Education: Heritage Discovery Center

Johnstown Area Heritage Association
Teachers Guide: After your Visit

Push and Pull of Immigration

Pursuing the "American Dream"

Materials for this lesson
Readings Activities Primary sources

 

 

 

     ** Referenced PA Standards **

"Extra Baggage"

Some of the most important things immigrants brought with them didn't fit in a trunk. In addition to their physical belongings, immigrants brought their hopes, dreams, fears, prejudices -- the same "extra baggage" everyone carries with them where ever they go!

Discuss (think back to what you saw at the museum):

  • Besides "stuff," what else did the immigrants bring with them? [attitudes, goals, skills, hopes, dreams, faith, work ethic, prejudices, etc.]
  • What "old country" skills would be important in their new homes? What "old country" experiences might help them adjust to their new home? [used to hard physical work, long hours, living simply]
  • What attitudes did they bring with them? [religious faith, strong sense of community, work ethic, saving for future, prejudices against other ethnic groups]
  • What character traits would help new immigrants to succeed? [courage, flexibility, hard-working, creativity, determination, perseverance, accept hardship today for better future life, etc.]
  • What hopes and dreams did immigrants have for their future in America?
  • Which was most important to the immigrants' success in America, their physical belongings or their attitudes and dreams? Why?

The American Dream

Many immigrants heard that "the streets of America are paved in gold" -- a vision that was obviously a very strong pull factor! Ask students what they think that expression means. What do they think it would have meant to their immigrant characters? Through the following primary sources, they will get to hear from some of these immigrants and their children.

Primary Sources: Letters from Home; Letters from America

Directions:

Primary Sources: "Generations" oral history interview excerpts

Directions:

Discuss:

  • What do you think each of the interviewees' ancestors would say the "American Dream" was? (You'll have to read between the lines -- most people don't talk about their own hopes and dreams, not about the "American Dream.")
  • Who did they expect would achieve the Dream? Themselves? [they worked hard so their children would have it easier]
  • The dictionary says that the American Dream is "an American ideal that everyone has an equal chance to achieve success and prosperity."
  • Which of the immigrants we've read about would agree with this definition? Why? Who would disagree? Why?

Advertisers spend a lot of money telling you that their products will help you achieve the American Dream.

• What does the American Dream that they are selling look like? [house in the suburbs, new car, people like you, having fun, lots of gadgets, fast food, etc.]

• How accurate is this picture? How is your life different from what they show?

• Do you think this was the American Dream your immigrant ancestors had in mind for you? Why or why not?

• How well did your immigrant ancestors dreams come true for their children and grandchildren?

• Would your immigrant ancestors think your family had achieved the American Dream? What parts of your life would they think fulfilled the dreams they had for you? [higher paying jobs, fewer work hours, education, good health, nice house, church/synagogue attendance, etc.]

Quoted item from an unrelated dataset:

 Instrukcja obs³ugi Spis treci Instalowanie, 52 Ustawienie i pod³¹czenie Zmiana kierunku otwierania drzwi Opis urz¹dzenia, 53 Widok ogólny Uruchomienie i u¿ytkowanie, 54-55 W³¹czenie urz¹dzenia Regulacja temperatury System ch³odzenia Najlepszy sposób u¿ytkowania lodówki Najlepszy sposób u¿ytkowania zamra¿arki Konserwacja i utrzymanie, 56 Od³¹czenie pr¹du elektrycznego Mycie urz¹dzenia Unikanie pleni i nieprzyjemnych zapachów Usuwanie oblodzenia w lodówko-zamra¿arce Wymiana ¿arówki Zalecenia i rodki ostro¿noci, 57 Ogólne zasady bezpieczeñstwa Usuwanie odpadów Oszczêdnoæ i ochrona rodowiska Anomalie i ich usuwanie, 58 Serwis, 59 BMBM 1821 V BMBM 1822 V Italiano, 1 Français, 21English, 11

• What parts of your life might disappoint them (if any)? Why? [lack of church attendance; not keeping ethnic language, foods, and traditions; "wasting," rather than saving, money]

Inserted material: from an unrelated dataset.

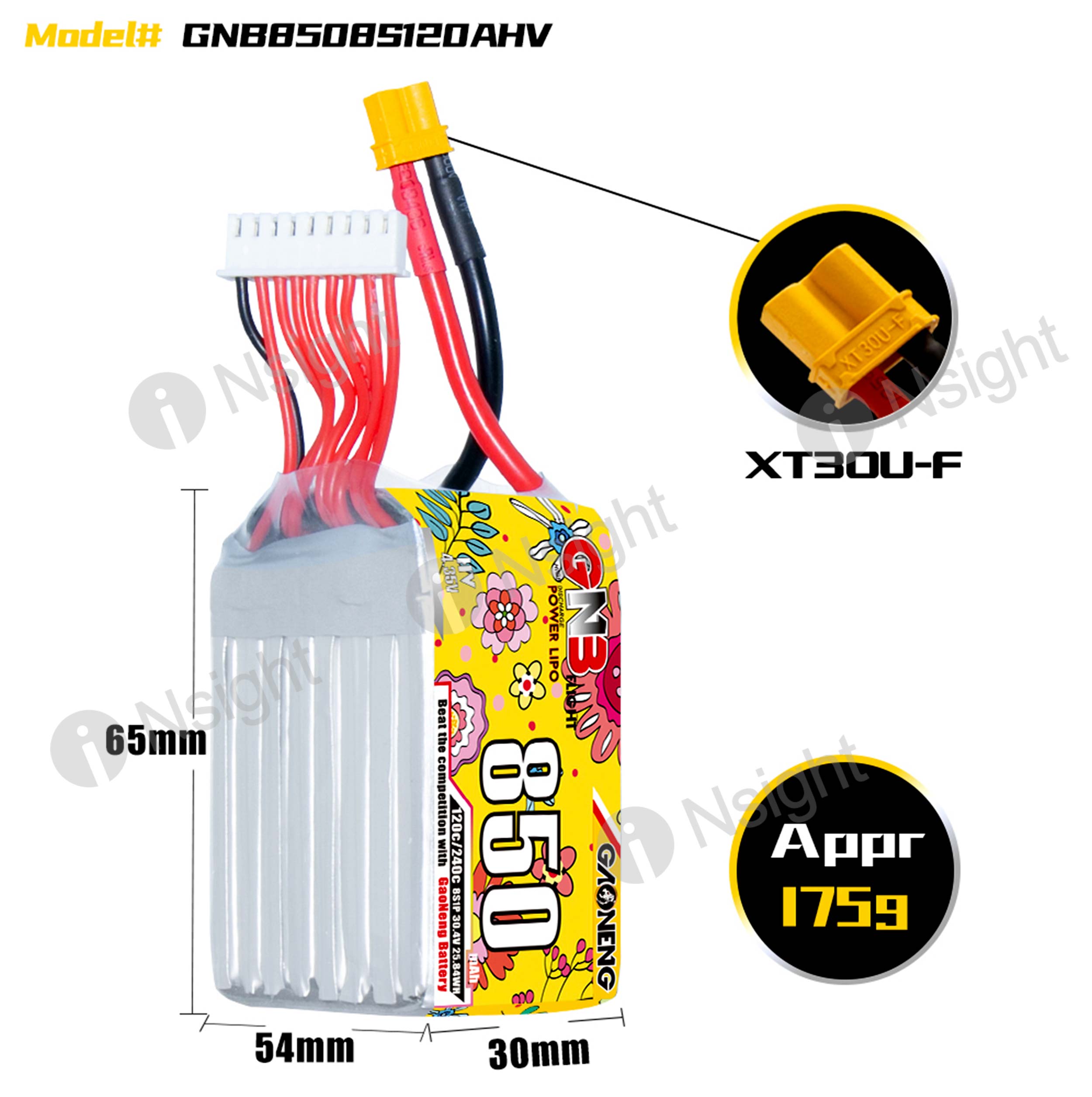 GAONENG GNB LiHV 8S 30.4V 850mAh 120C XT30 Connector LiPo Battery

• What are your hopes and dreams for the future? What do your parents hope for you? How are they the same? How are they different?

Push and Pull Today

Find out more: Immigration today

Examine immigration today and compare it with what you learned in the museum.

Find the answer to some of these questions at:

Activity: Interview an Immigrant

This activity works either an individual homework assignment (encourage phone interviews, if necessary) or cooperative learning activity with teams of three or four students. A great way to make sure everyone has a fruitful interview is to invite enough immigrant (or migrant) guests to the classroom that each team has an immigrant to interview.

Introduce the activity with discussion:

  • Has anyone from your family had to move away from this area? Where did they move? Why?
  • What were the push factors for leaving this area?
  • What were the pull factors at their new home?

Directions: Interview someone in your family who has migrated to or from Johnstown from another area (they don't have to be immigrants, they can be migrants within Pennsylvania or the USA):

• Use the "Oral History" tip sheet to help you come up with interview questions

• Try to find out why they left their original home, what made them choose their new home, what it was like to make such a big change, how they adjusted, what their goals were, whether they achieved their goals, etc.

• Write a school newspaper article about the push and pull factors that influenced your interviewee.

Extension

Other famous documents have expressed other ideas that could be called the "American Dream."

Discuss:

  • How does the Declaration of Independence say it? ["…that all men are created equal and are endowed by their Creator with certain rights, and that among these are life, liberty, and the pursuit of happiness"]
  • What was Rev. Dr. Martin Luther King, Jr.'s American Dream? [refer to his famous "I Have a Dream..." speech: people would be judged by their character and not the color of their skin; blacks and whites would join together in freedom, etc.]
  • How do these "American Dreams" compare with the "prosperity" dream?
  • What other versions of the American Dream can you think of?